The vast majority of technical analysts only deal with stocks in an uptrend and rarely get involved in those in a downtrend.

Or, even if the overall market is in a downtrend, they only deal with individual stocks that are in an uptrend.

Once a stock enters a downtrend, it is actually bottomless.

For technical analysts, the first priority is to ensure their investment win rate.

From a technical statistical perspective, the opportunity to make money by buying the dip is far less than the opportunity to make money by buying the rise.

This does not mean that technical analysts will definitely chase the rise and kill the fall, but it illustrates that buying stocks on the way down is actually irrational.

Especially when the trend has not yet turned, the stock price will continue to move further down with the trend.

Technical analysis itself pursues the maximization of the ratio of returns to risks.In an uptrend, there is no ceiling for stock prices, while in a downtrend, there is a limit to the space for rebound.

From this perspective, technical analysts are very averse to downtrends and try to avoid participating as much as possible.

Therefore, true technical analysts are usually not deeply trapped in a downtrend.

Secondly, if you buy the wrong stock, you must stop the loss in time.

Technical analysts have an ironclad rule that is key to ensuring they lose less, which is to stop the loss.

Technical analysts are actually very strict about stopping the loss because they need to protect the principal.

The essence of stopping the loss is not necessarily to reduce losses, but also to control the proportion of risk losses and ensure the safety of the principal.
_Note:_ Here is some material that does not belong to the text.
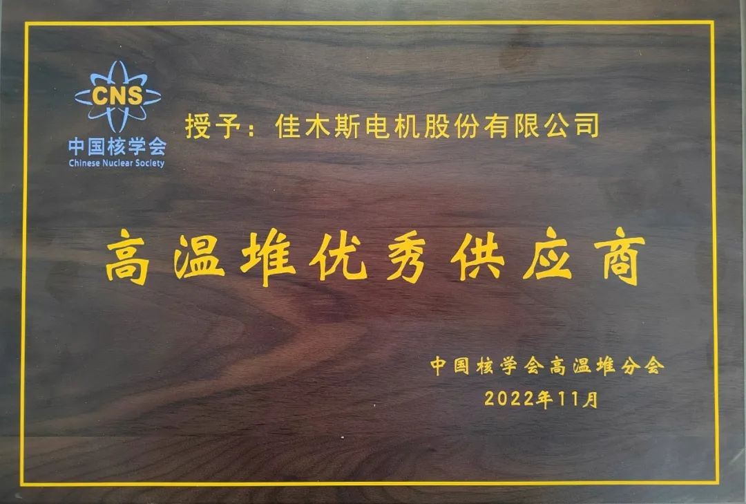 哈电集团佳电股份获评高温堆优秀供应商荣誉称号

The reason for stopping the loss is that the market trend does not match our judgment, and the misjudgment leads to losses, which is why there is a need for stopping the loss.

Since the stock was bought wrong, it can be directly cut off.Even if the stock prices rise again later, it does not necessarily mean that your prediction is correct.

It can be said that one should correct the mistakes first, then make new judgments. After the stock prices rise, decide whether to chase or not.

The essence of the technical school is to strictly follow the technical rules for execution, rather than waiting for opportunities with a sense of luck.

Thirdly, when the oversold divergence rate is very large, one can take the opportunity to rebound.

Technical analysts do not avoid bottom-fishing, but their way of bottom-fishing is only one, called oversold.

Moreover, they do not call this method bottom-fishing, but rather taking the opportunity to rebound.

When the stock's decline is too large, it will lead to a large amount of loss funds choosing to lie flat, waiting for a rebound before selling.

Therefore, theoretically, the selling pressure will gradually decrease during the stock price decline.

When the selling pressure is small and the stock price is cheap, there will naturally be more people who want to bottom-fish, and a rebound will naturally occur, which is also a very natural technical correction.

At this time, some technical analysts will choose to bottom-fish these stocks.But this is merely an ultra-short-term action, and does not represent their long-term optimism about this stock.

The essence of technology is actually to use emotions to make rational judgments, and then to harvest funds with emotions, which is not that complicated.

And situations like oversold rebound are just one of them.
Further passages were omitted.